### Task details
Where pictures appear, omit them, and copy exactly only the lines from the start of the listing through the line containing "Une fois arrivés", both included.

### Source material
• • • • • • •

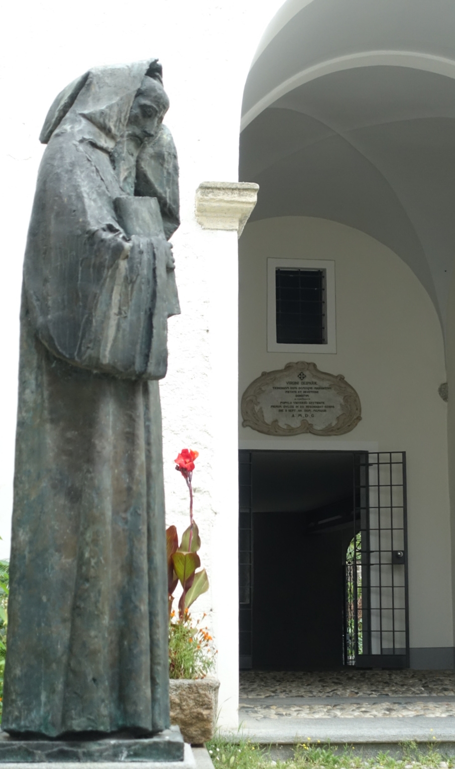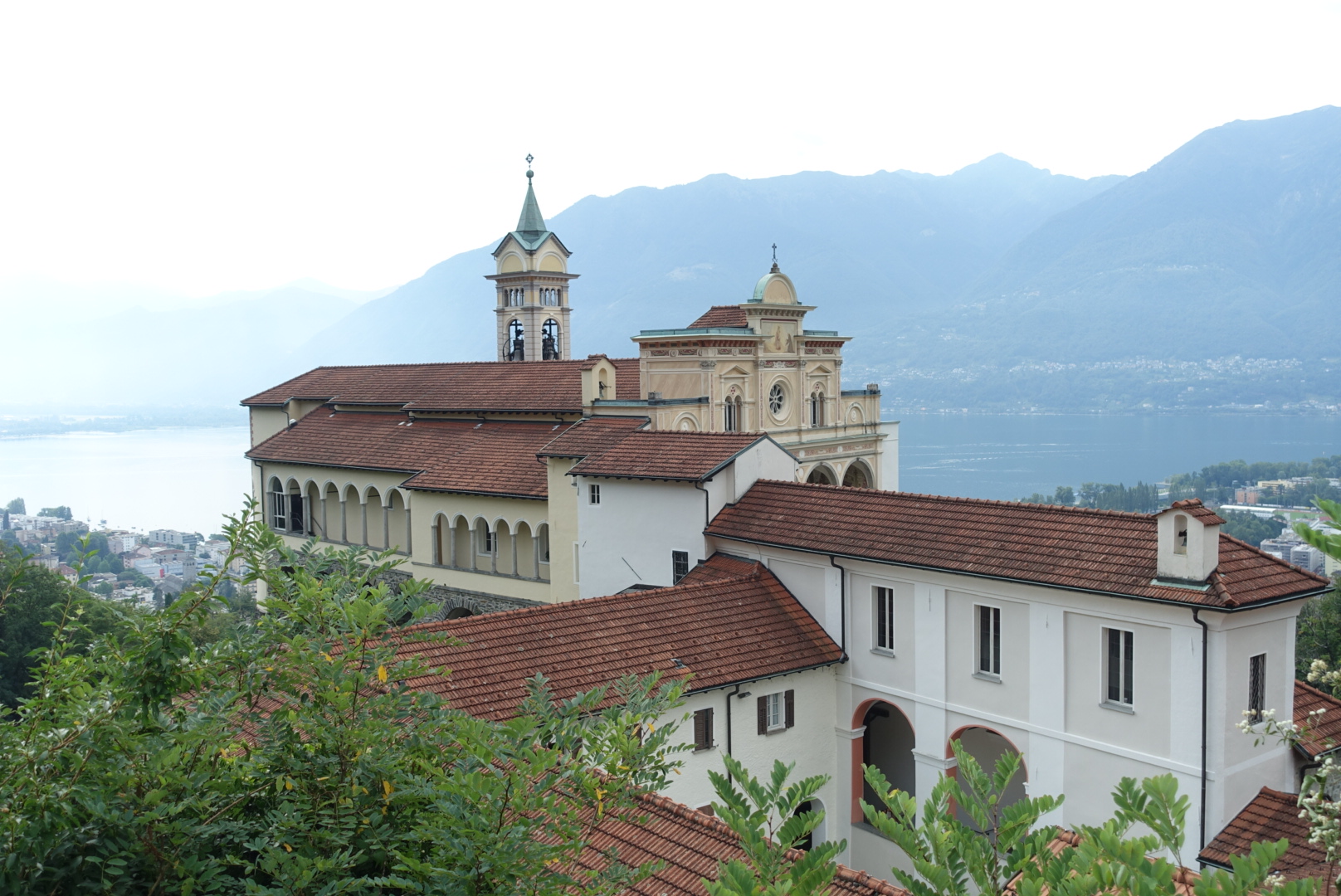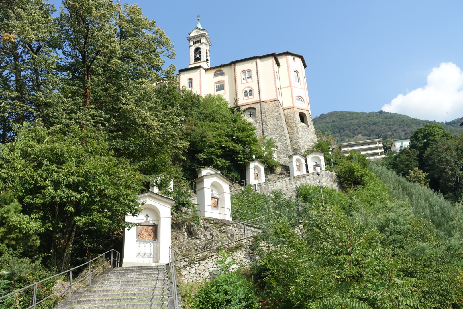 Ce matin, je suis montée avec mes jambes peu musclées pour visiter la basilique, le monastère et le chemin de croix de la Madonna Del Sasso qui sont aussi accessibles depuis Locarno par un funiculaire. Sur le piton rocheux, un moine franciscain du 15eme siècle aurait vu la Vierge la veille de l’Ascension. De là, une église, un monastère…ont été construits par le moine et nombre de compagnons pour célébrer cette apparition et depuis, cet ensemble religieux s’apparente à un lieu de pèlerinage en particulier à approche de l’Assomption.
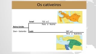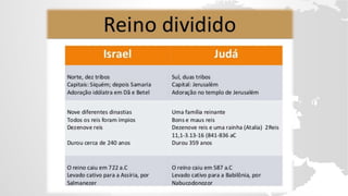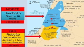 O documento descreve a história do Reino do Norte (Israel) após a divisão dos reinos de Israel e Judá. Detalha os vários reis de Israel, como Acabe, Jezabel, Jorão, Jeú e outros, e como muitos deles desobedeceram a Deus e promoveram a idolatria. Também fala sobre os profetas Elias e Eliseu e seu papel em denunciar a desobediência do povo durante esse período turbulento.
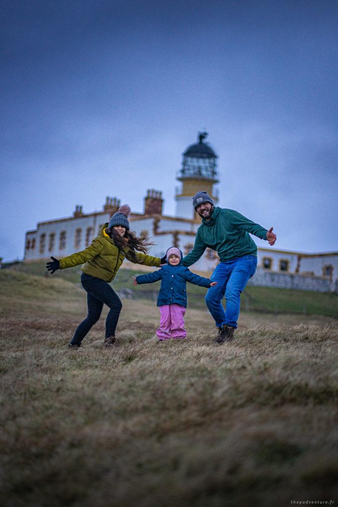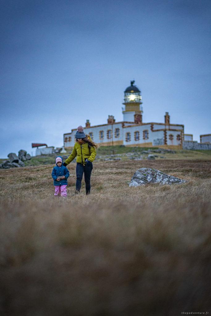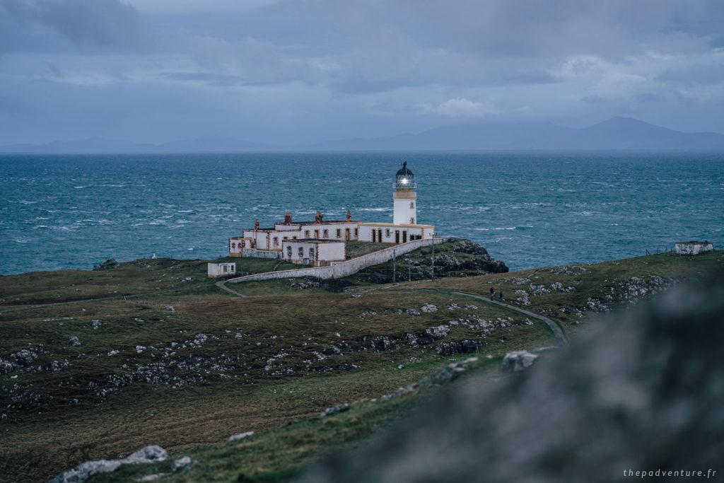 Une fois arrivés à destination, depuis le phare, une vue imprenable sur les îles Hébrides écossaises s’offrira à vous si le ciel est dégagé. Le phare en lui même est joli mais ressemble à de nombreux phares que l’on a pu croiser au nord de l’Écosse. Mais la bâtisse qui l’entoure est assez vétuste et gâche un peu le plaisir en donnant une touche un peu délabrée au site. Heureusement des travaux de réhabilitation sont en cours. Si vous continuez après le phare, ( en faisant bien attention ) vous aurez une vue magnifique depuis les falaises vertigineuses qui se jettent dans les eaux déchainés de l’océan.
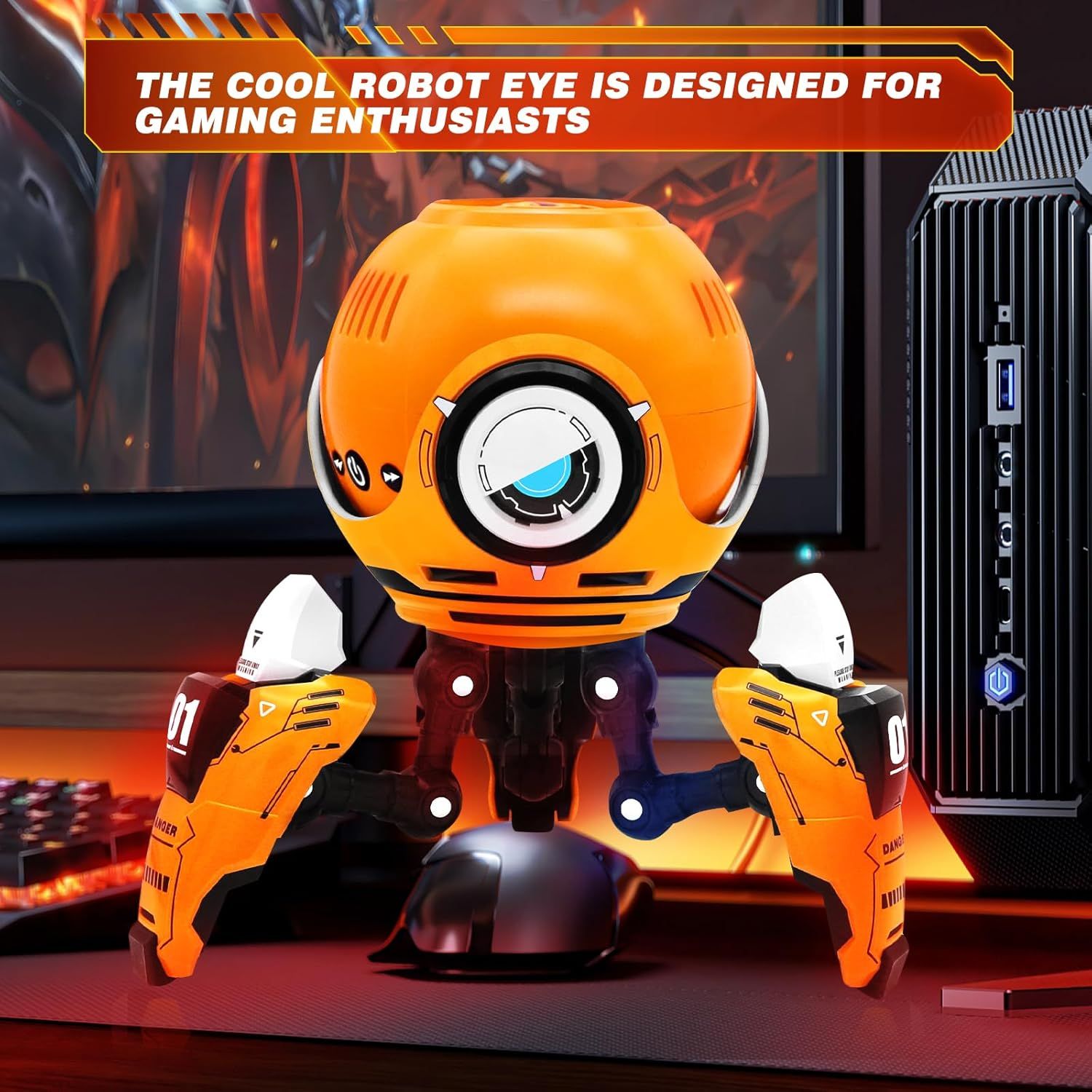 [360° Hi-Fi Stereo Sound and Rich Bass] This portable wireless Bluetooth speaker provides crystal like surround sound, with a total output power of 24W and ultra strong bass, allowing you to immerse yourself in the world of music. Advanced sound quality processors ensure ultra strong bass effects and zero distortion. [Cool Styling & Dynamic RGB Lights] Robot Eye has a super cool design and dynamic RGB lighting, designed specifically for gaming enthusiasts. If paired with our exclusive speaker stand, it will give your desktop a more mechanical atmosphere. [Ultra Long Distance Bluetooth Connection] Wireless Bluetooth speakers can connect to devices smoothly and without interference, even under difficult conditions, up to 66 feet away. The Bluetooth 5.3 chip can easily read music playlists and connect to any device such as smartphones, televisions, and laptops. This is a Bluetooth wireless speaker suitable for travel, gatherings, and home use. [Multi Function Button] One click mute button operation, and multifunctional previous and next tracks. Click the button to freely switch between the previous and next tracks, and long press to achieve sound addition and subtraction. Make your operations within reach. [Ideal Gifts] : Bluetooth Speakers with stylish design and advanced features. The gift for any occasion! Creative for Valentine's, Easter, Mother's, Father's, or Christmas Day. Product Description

• • • • • • •

### Exercise response
 Ce matin, je suis montée avec mes jambes peu musclées pour visiter la basilique, le monastère et le chemin de croix de la Madonna Del Sasso qui sont aussi accessibles depuis Locarno par un funiculaire. Sur le piton rocheux, un moine franciscain du 15eme siècle aurait vu la Vierge la veille de l’Ascension. De là, une église, un monastère…ont été construits par le moine et nombre de compagnons pour célébrer cette apparition et depuis, cet ensemble religieux s’apparente à un lieu de pèlerinage en particulier à approche de l’Assomption.
 O documento descreve a história do Reino do Norte (Israel) após a divisão dos reinos de Israel e Judá. Detalha os vários reis de Israel, como Acabe, Jezabel, Jorão, Jeú e outros, e como muitos deles desobedeceram a Deus e promoveram a idolatria. Também fala sobre os profetas Elias e Eliseu e seu papel em denunciar a desobediência do povo durante esse período turbulento.
 Une fois arrivés à destination, depuis le phare, une vue imprenable sur les îles Hébrides écossaises s’offrira à vous si le ciel est dégagé. Le phare en lui même est joli mais ressemble à de nombreux phares que l’on a pu croiser au nord de l’Écosse. Mais la bâtisse qui l’entoure est assez vétuste et gâche un peu le plaisir en donnant une touche un peu délabrée au site. Heureusement des travaux de réhabilitation sont en cours. Si vous continuez après le phare, ( en faisant bien attention ) vous aurez une vue magnifique depuis les falaises vertigineuses qui se jettent dans les eaux déchainés de l’océan.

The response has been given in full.